__What is needed__: Exact reproduction is required for the lines below starting at the line with "Inside the Greyhawk, comfort" and ending at the line with "Capture the essence", both included. No other lines, and no pictures.

__Available data__:
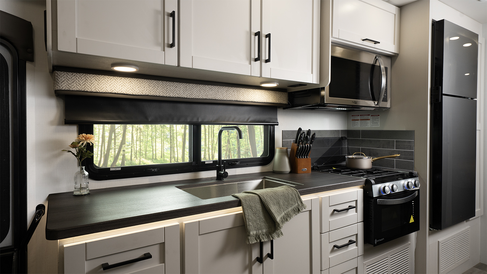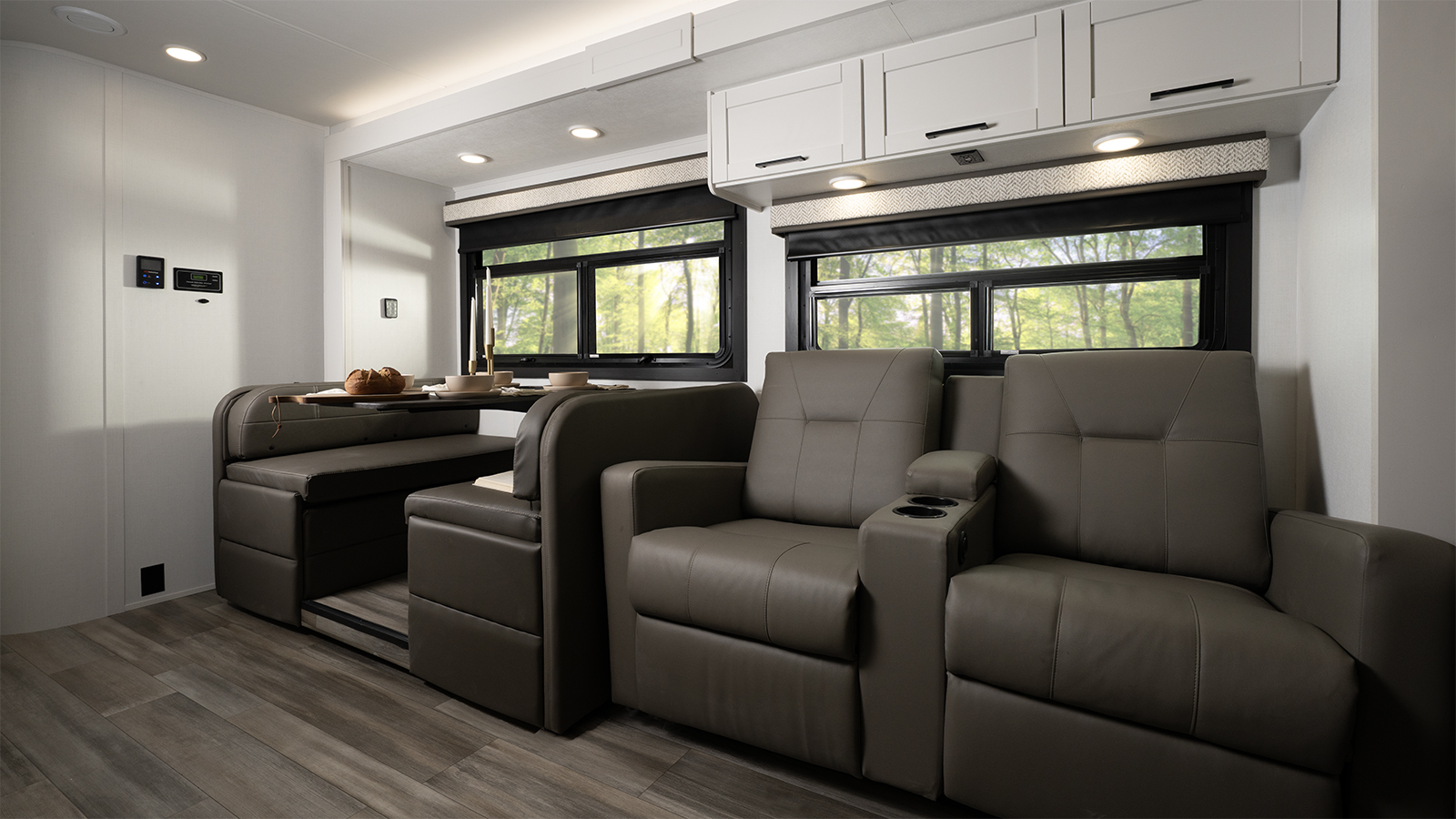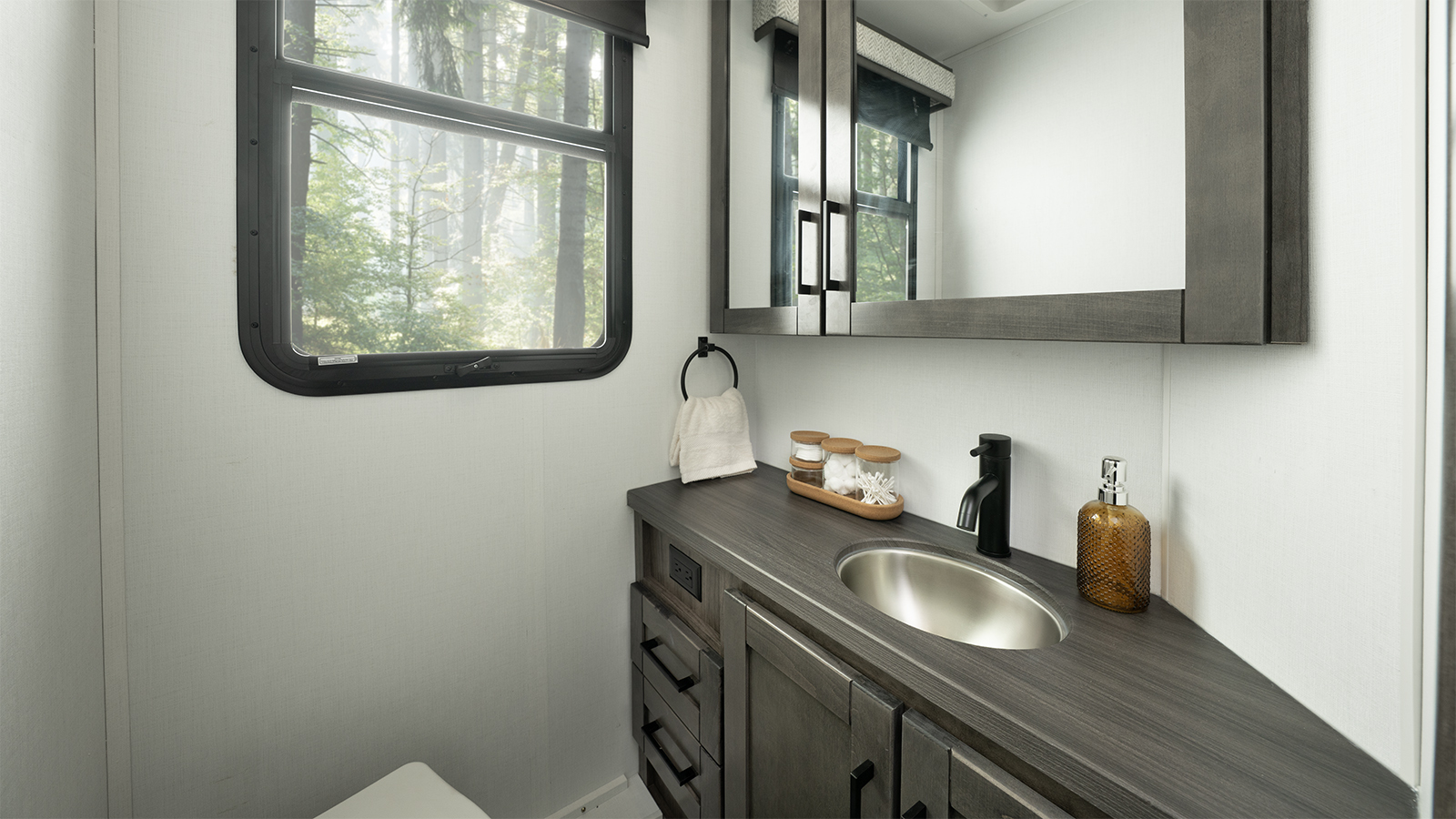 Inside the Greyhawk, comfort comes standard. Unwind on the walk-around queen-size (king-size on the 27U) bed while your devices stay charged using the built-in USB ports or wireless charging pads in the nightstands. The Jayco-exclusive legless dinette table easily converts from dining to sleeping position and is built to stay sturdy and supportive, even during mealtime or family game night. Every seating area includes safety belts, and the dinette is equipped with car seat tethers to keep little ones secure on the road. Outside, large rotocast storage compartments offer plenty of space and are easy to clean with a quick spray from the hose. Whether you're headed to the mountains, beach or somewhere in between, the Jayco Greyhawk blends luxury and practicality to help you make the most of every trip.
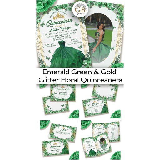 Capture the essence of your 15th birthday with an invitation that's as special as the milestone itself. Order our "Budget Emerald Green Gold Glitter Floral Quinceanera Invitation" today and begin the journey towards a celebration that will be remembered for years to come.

---

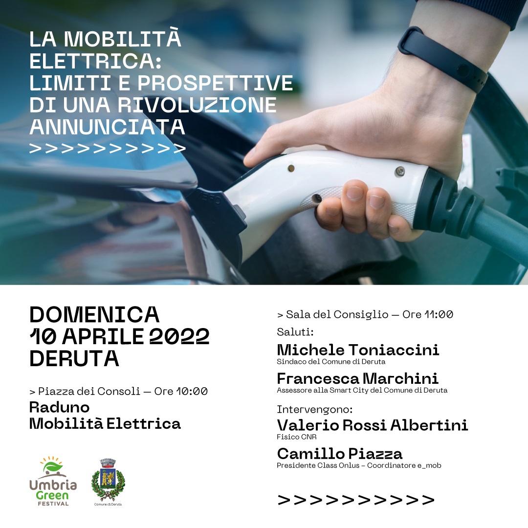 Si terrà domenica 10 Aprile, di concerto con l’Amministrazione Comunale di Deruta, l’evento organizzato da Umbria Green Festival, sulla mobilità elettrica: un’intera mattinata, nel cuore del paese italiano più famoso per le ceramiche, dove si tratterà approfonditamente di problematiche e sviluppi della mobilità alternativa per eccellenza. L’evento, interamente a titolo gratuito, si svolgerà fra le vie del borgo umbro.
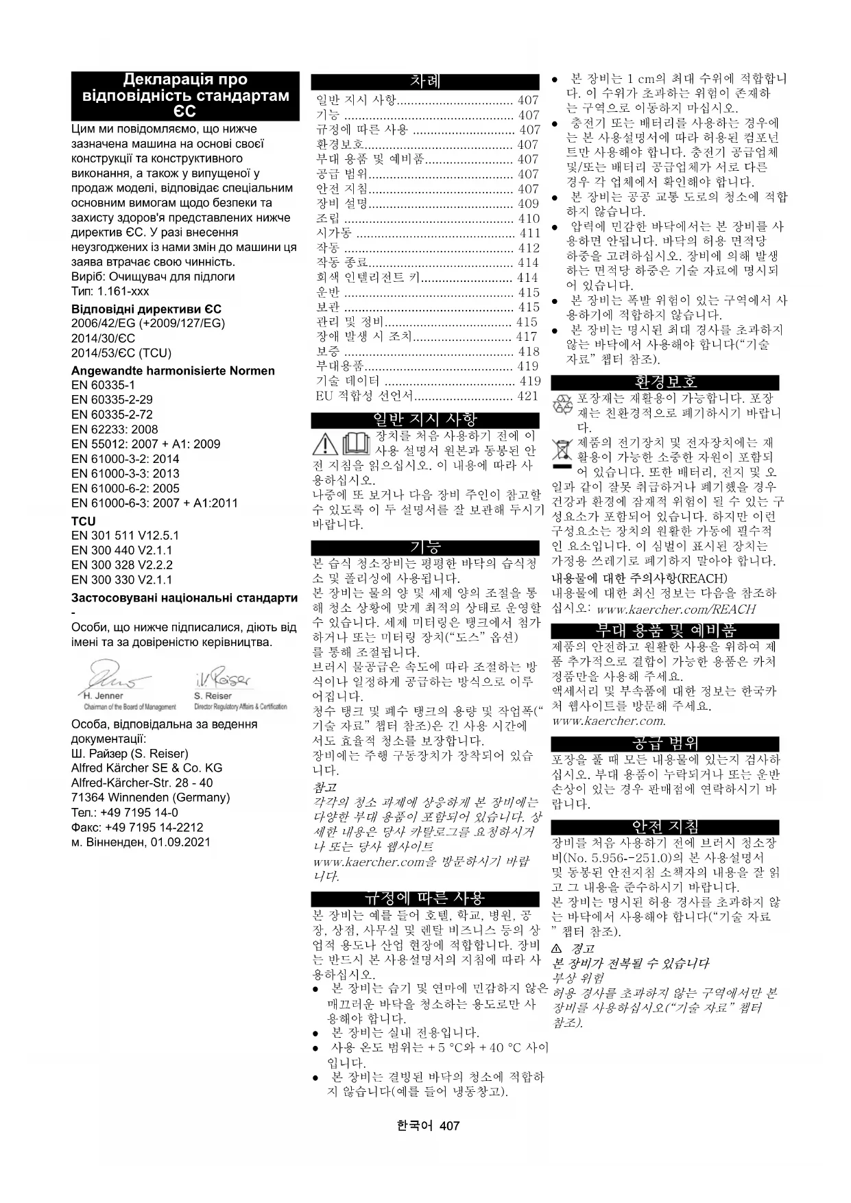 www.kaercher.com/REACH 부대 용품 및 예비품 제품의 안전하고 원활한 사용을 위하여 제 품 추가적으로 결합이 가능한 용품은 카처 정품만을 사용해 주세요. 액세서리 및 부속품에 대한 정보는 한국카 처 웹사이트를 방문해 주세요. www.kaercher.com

__Answer box__:
 Inside the Greyhawk, comfort comes standard. Unwind on the walk-around queen-size (king-size on the 27U) bed while your devices stay charged using the built-in USB ports or wireless charging pads in the nightstands. The Jayco-exclusive legless dinette table easily converts from dining to sleeping position and is built to stay sturdy and supportive, even during mealtime or family game night. Every seating area includes safety belts, and the dinette is equipped with car seat tethers to keep little ones secure on the road. Outside, large rotocast storage compartments offer plenty of space and are easy to clean with a quick spray from the hose. Whether you're headed to the mountains, beach or somewhere in between, the Jayco Greyhawk blends luxury and practicality to help you make the most of every trip.
 Capture the essence of your 15th birthday with an invitation that's as special as the milestone itself. Order our "Budget Emerald Green Gold Glitter Floral Quinceanera Invitation" today and begin the journey towards a celebration that will be remembered for years to come.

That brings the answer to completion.